Supplied entries
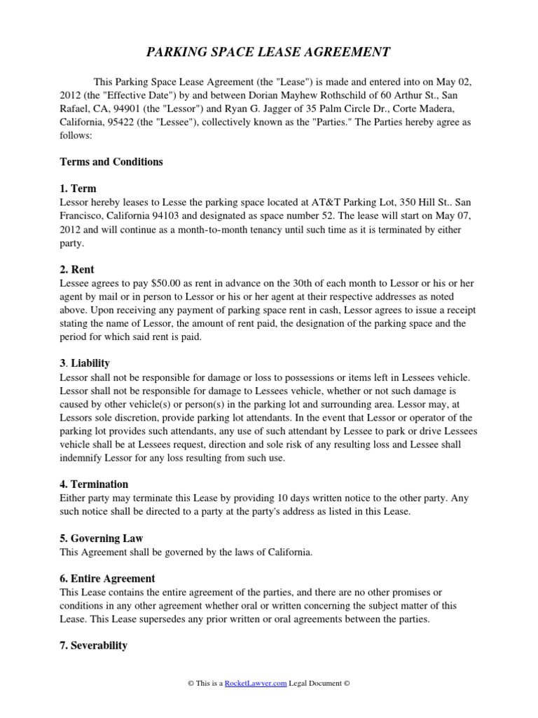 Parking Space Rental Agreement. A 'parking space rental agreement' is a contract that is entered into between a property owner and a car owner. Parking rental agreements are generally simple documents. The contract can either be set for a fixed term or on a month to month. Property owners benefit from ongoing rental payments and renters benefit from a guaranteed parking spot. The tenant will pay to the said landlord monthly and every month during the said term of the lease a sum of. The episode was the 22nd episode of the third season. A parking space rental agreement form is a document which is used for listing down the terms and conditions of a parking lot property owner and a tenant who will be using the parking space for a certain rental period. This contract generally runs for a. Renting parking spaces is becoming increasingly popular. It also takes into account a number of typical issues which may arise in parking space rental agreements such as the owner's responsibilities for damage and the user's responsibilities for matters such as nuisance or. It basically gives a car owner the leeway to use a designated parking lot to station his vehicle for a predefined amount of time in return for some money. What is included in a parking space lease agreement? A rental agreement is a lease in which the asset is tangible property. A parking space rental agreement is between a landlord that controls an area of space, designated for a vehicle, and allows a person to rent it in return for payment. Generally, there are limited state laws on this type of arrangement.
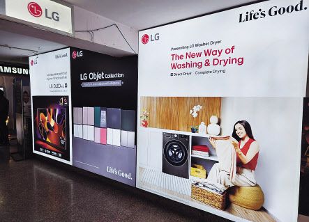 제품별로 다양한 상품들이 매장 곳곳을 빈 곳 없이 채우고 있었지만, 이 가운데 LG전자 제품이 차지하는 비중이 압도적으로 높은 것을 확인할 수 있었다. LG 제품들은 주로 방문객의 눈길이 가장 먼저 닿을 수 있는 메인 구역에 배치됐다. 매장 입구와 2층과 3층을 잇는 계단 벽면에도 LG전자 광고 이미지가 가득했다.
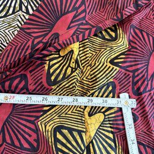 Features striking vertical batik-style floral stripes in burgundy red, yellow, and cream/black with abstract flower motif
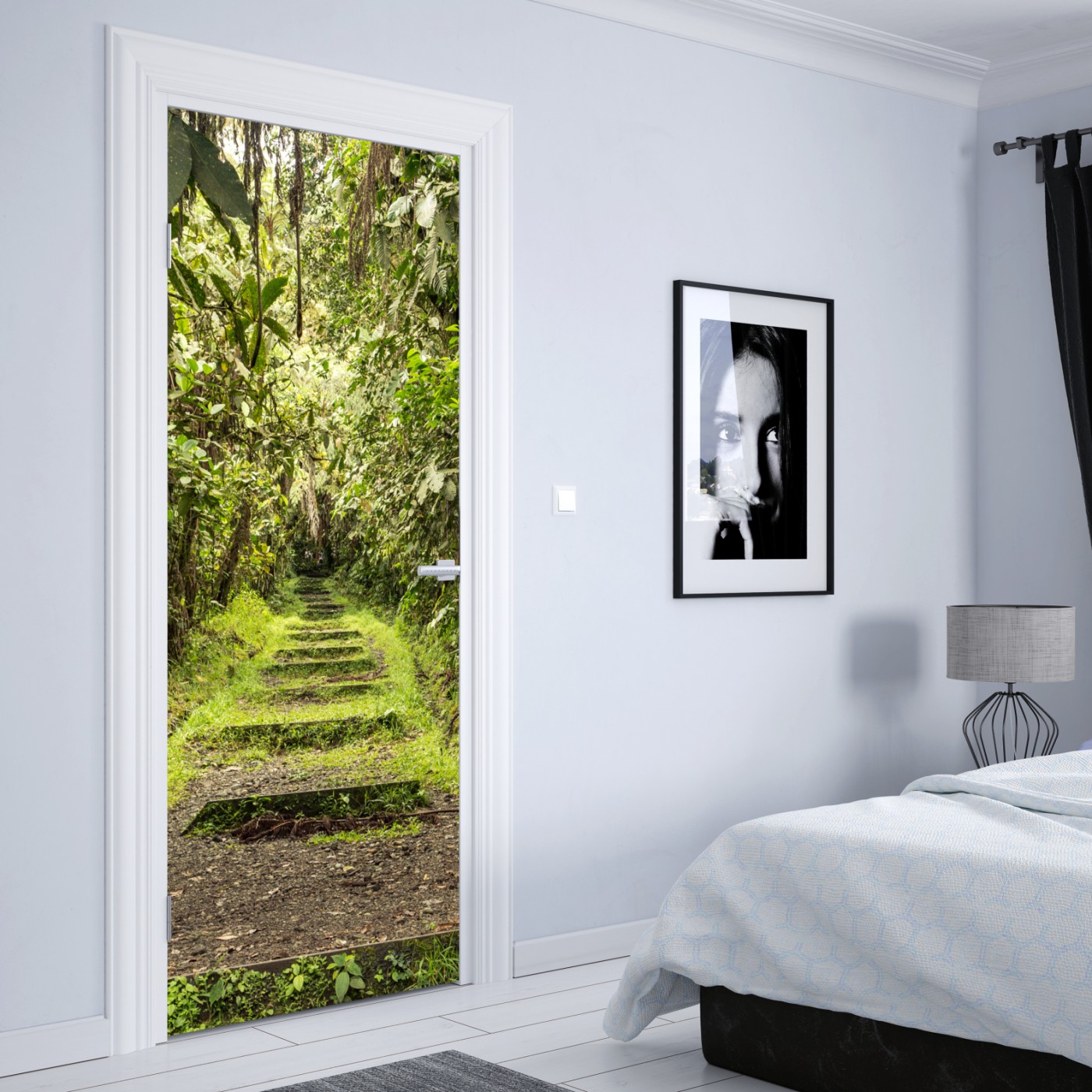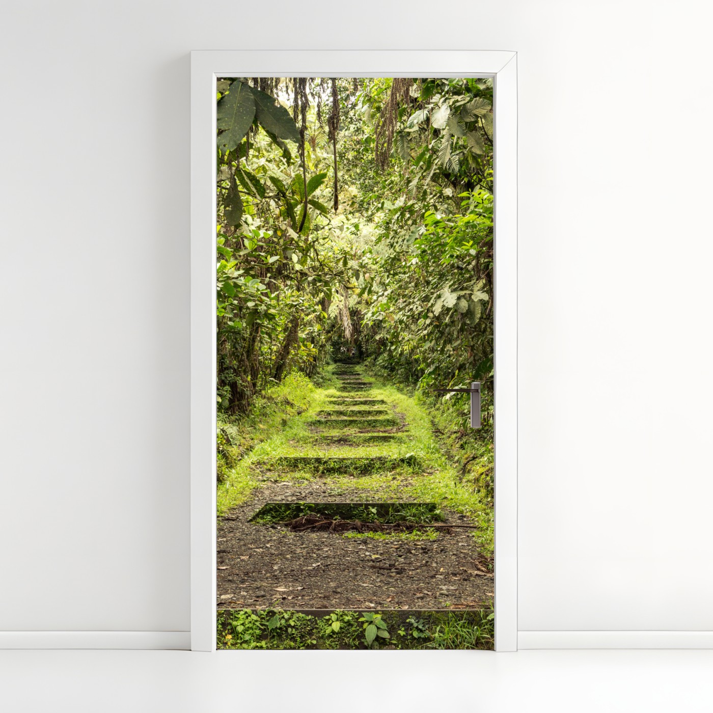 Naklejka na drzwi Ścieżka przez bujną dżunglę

--

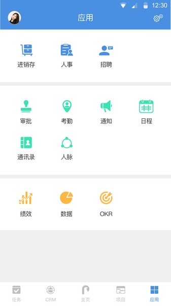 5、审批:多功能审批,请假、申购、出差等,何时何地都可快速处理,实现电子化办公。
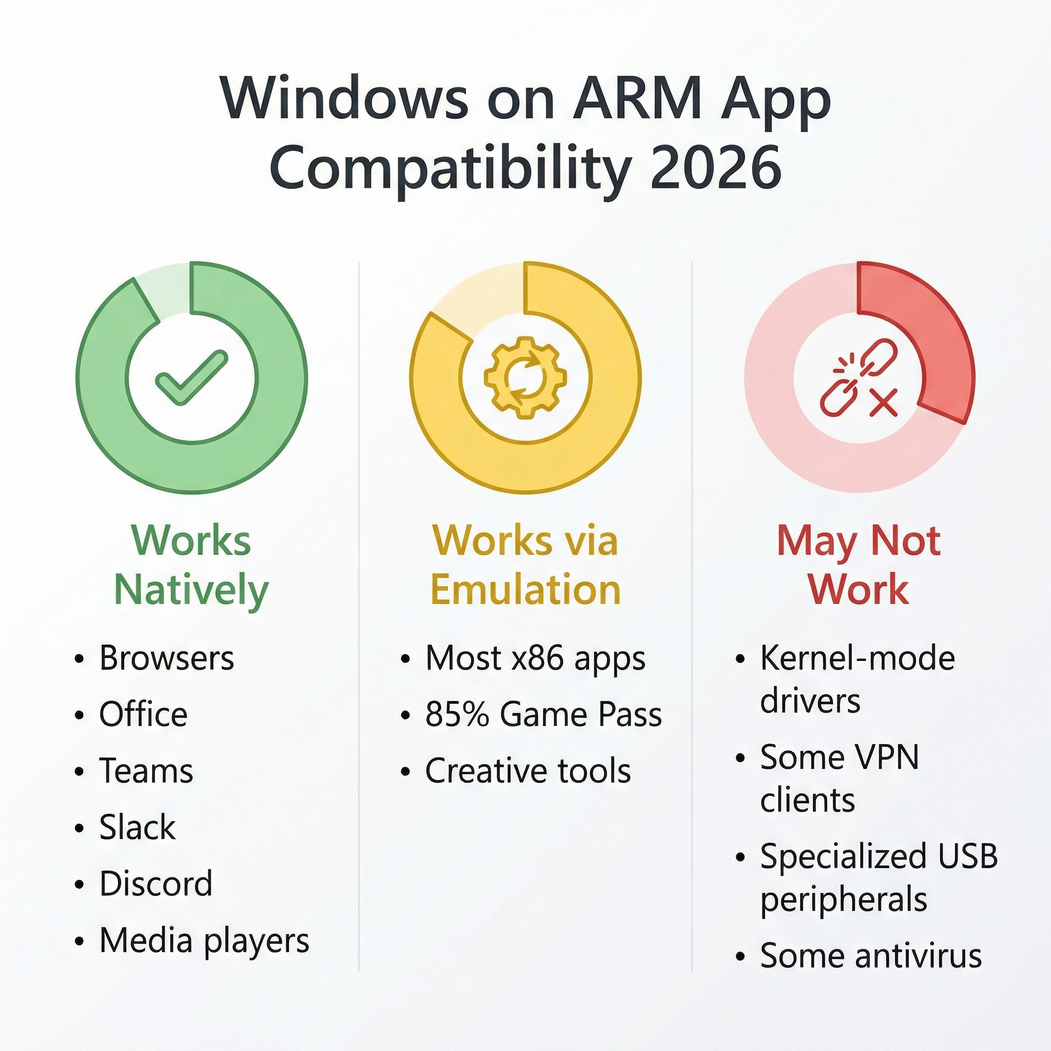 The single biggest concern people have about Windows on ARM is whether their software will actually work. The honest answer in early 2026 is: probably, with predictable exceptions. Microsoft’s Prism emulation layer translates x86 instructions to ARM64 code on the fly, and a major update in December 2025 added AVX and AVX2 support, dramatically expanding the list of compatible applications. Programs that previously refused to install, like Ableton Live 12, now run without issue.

Problem to solve
Return exactly the part of the listing above that opens with the line containing "제품별로 다양한 상품들이" and closes with the line containing "Naklejka na drzwi". Pictures stay out.

Reply to the exercise
 제품별로 다양한 상품들이 매장 곳곳을 빈 곳 없이 채우고 있었지만, 이 가운데 LG전자 제품이 차지하는 비중이 압도적으로 높은 것을 확인할 수 있었다. LG 제품들은 주로 방문객의 눈길이 가장 먼저 닿을 수 있는 메인 구역에 배치됐다. 매장 입구와 2층과 3층을 잇는 계단 벽면에도 LG전자 광고 이미지가 가득했다.
 Features striking vertical batik-style floral stripes in burgundy red, yellow, and cream/black with abstract flower motif
 Naklejka na drzwi Ścieżka przez bujną dżunglę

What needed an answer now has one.